WORK REQUIRED →
The answer is the data below, repeated exactly, with no pictures included.

━━━ INFORMATION PROVIDED

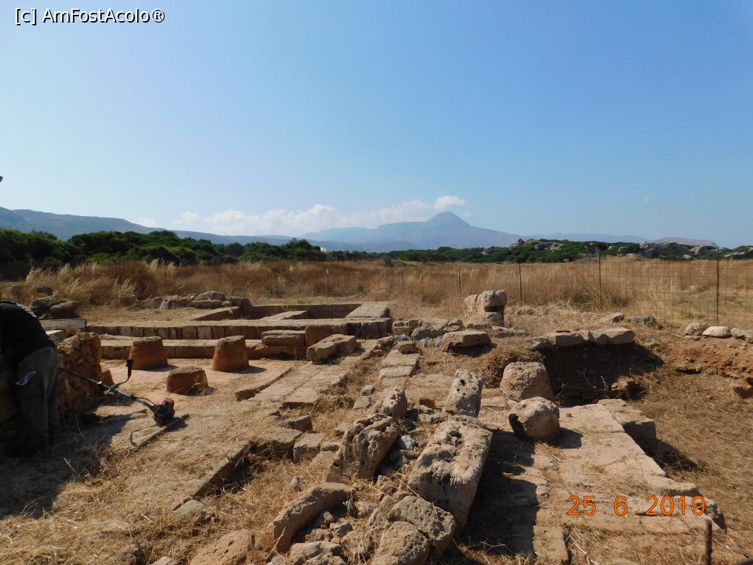 [P26] Falassarna: ruine de temple, în depărtate bisericuţa Agios Georgios
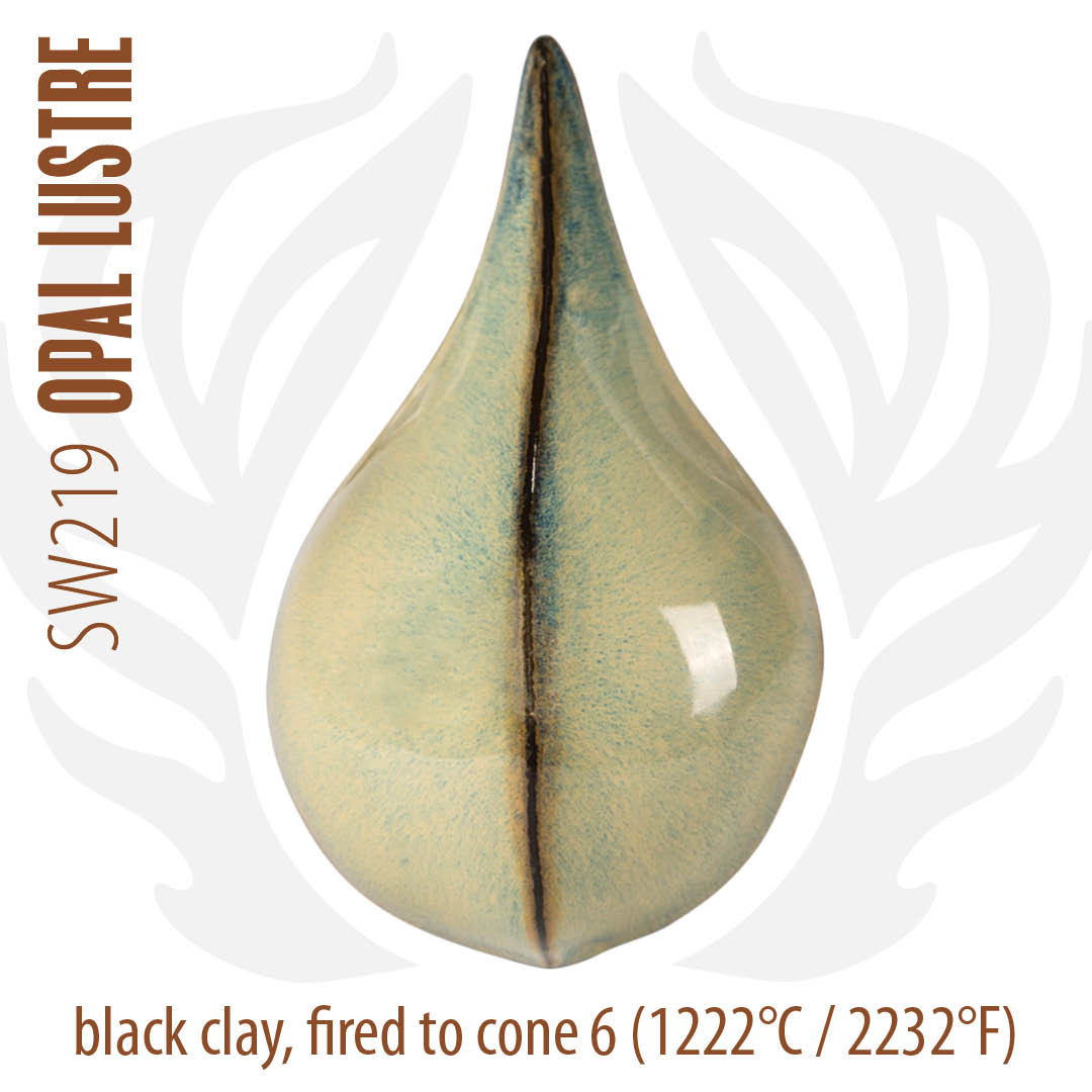 Opal Lustre é um vidrado brilhante e semiopaco que apresenta tonalidades variáveis de azul, verde e roxo. Abre em castanho quente sobre áreas em relevo.
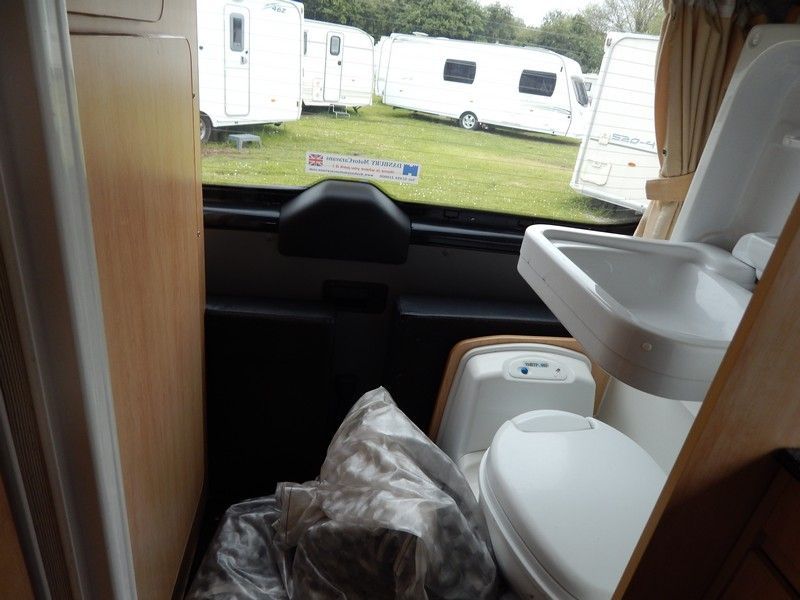 Also outside is a roof rack to simplify the fitting of a roof box, although to do so would defeat the point of buying a low-profile motorhome in the first place. Bed-making is simple and the bed is a decent size, with strong slatted wood bases to ensure that plenty of air circulates underneath, thereby allowing the bases to remain free of condensation. A generous mattress depth of six inches ensures that the bed is firm but comfortable.
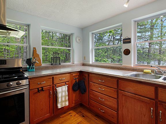 Kilton Pond has a big lake feel with little pond charm! This year-round rambler on 1.5 acres with 150 feet of water frontage has so many options - and built in 1996 - lots of life left! Having 3 bedrooms over 2 floors, 2 full baths, large bright living spaces and a kitchen that drinks in the views. You'll love the low maintenance features like a covered porch, metal roof and covered walkway. There is a small 1 bay garage used primarily for storage of toys. The lower level is set up as an accessory dwelling unit and there is a sauna on the main level. Showings begin at the Open House on Friday June 2nd from 4-7pm.

━━━━━━

TASK RESULT →
 [P26] Falassarna: ruine de temple, în depărtate bisericuţa Agios Georgios
 Opal Lustre é um vidrado brilhante e semiopaco que apresenta tonalidades variáveis de azul, verde e roxo. Abre em castanho quente sobre áreas em relevo.
 Also outside is a roof rack to simplify the fitting of a roof box, although to do so would defeat the point of buying a low-profile motorhome in the first place. Bed-making is simple and the bed is a decent size, with strong slatted wood bases to ensure that plenty of air circulates underneath, thereby allowing the bases to remain free of condensation. A generous mattress depth of six inches ensures that the bed is firm but comfortable.
 Kilton Pond has a big lake feel with little pond charm! This year-round rambler on 1.5 acres with 150 feet of water frontage has so many options - and built in 1996 - lots of life left! Having 3 bedrooms over 2 floors, 2 full baths, large bright living spaces and a kitchen that drinks in the views. You'll love the low maintenance features like a covered porch, metal roof and covered walkway. There is a small 1 bay garage used primarily for storage of toys. The lower level is set up as an accessory dwelling unit and there is a sauna on the main level. Showings begin at the Open House on Friday June 2nd from 4-7pm.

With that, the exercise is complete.